To accomplish this cohesive vision, Wright was in control of all aspects of the design. “This included the orientation of the building on the site, choice of building materials, and all of the interior design — furniture, lighting, art glass, rugs, and even art objects — if complete unity, and, hence, the desired harmony and repose, was to be achieved,” says Stipe.

Here, Stipe, who has written two books on Wright — one of them focusing more specifically on his lesser-known passion for interior design: Frank Lloyd Wright, The Rooms: Interiors and Decorative Arts — shares four of the architect’s most compelling and provocative interior design mantras.

1. Bring the Outdoors In

When done well, a seamless integration of interior space with exterior space can promote well-being and creativity. For example, at Wright’s winter home Taliesin West in Scottsdale, Arizona, the design blurs the lines between indoor and outdoor living, with framed views of the desert landscape celebrated throughout the space.
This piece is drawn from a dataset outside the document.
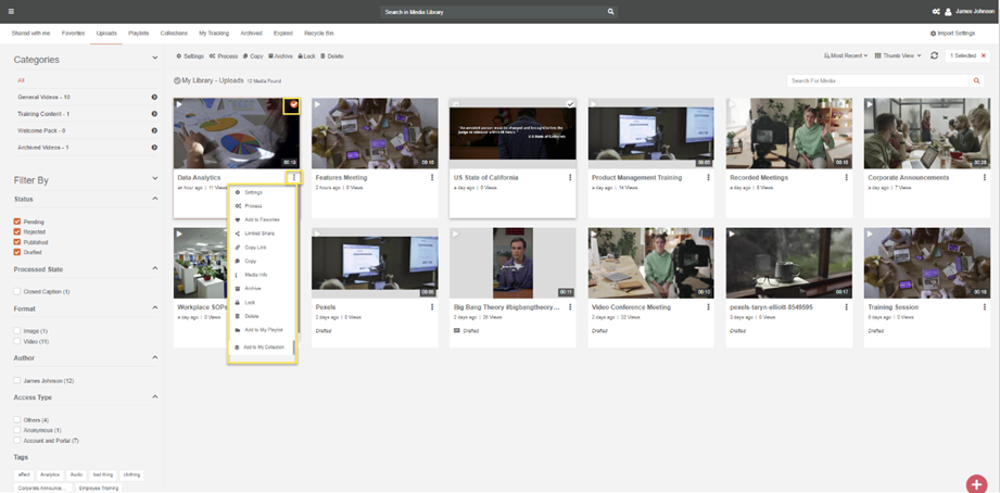 - Search: Media can be searched in My Library by Title, Category, Tags etc.

Explore Taliesin West’s holistic design — take a tour of Wright’s desert laboratory.

2. Design to Human Scale

Human scale is the true building scale. An innate sense of comfort comes from fixing building proportions to human scale. This key concept is evidenced at Taliesin, Wright’s expansive laboratory for organic architecture in Wisconsin, where a study of wood and stone that opens to the outdoors appeals to the human senses.
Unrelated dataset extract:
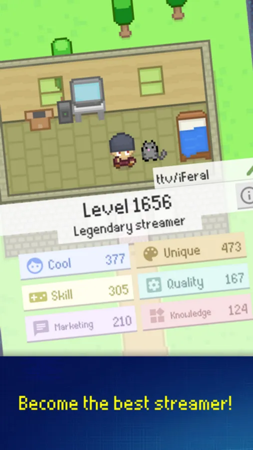 Start playing now and experience the popularity of a famous streamer! Start your dream career, customize your character and streaming setup, master different games, make your stream twitch with mixed content every day, earn money with sponsors and merchandise, take part in different events, buy better PC setup and even pets, compete in the leaderboards and unlock achievements. It's time to rise to the top of streamers in this premium, unique and free streamer simulator game!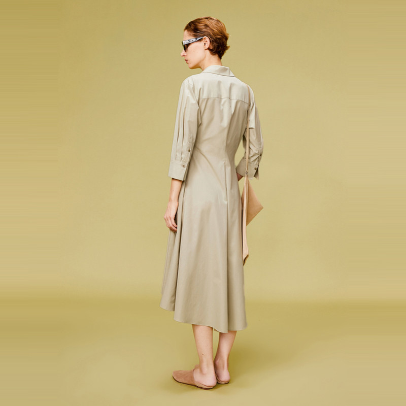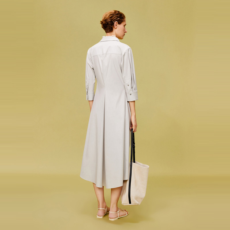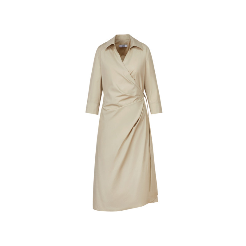 LESS棉质系带连衣裙法式气质通勤收腰显瘦长款衬衫裙子2O3G11660

Discover Wright’s laboratory of organic architecture, Taliesin, by taking a tour.

Photo: Andrew Pielage

3. Edit Out the Unnecessary

One of the most important principles of design is the elimination of the insignificant. Knowing “what to leave out and what to put in,” as Stipe says. The successful resolution of this challenge results in simplicity and repose. Neither is easily attained. In Taliesin, Wright built a Prairie-inspired home on his sprawling, 800-acre agricultural estate that defines sophisticated simplicity.

Photo: John Lewis Marshall

4. Retain the Original Vision

When building from the ground up, be sure to understand what drew you to the site, what charmed you about it, and then build so that you can still see those elements. For instance, at Taliesin West, natural light via an abundance of windows and luminous canvas roofs play a major part in the design, which celebrates one of Wright’s favorite characteristics of the desert: brilliant sunlight.

 


 

“Wright is relevant because he never gave up on the timeless,” says Stipe. “He believed beauty, the arts, and communion with nature were vital to the well-being of people. By reuniting the interior of the human shelter with the natural environment outside, new experiences and patterns are created, the human spirit is awakened, and everyday life enriched.”

With nature as a “primal source for new ideas and new forms,” Wright relished its beauty, was inspired by its diversity, and took heed of its lessons in simplicity and economy. “It was never about having more,” says Stipe. “It was always about being more.”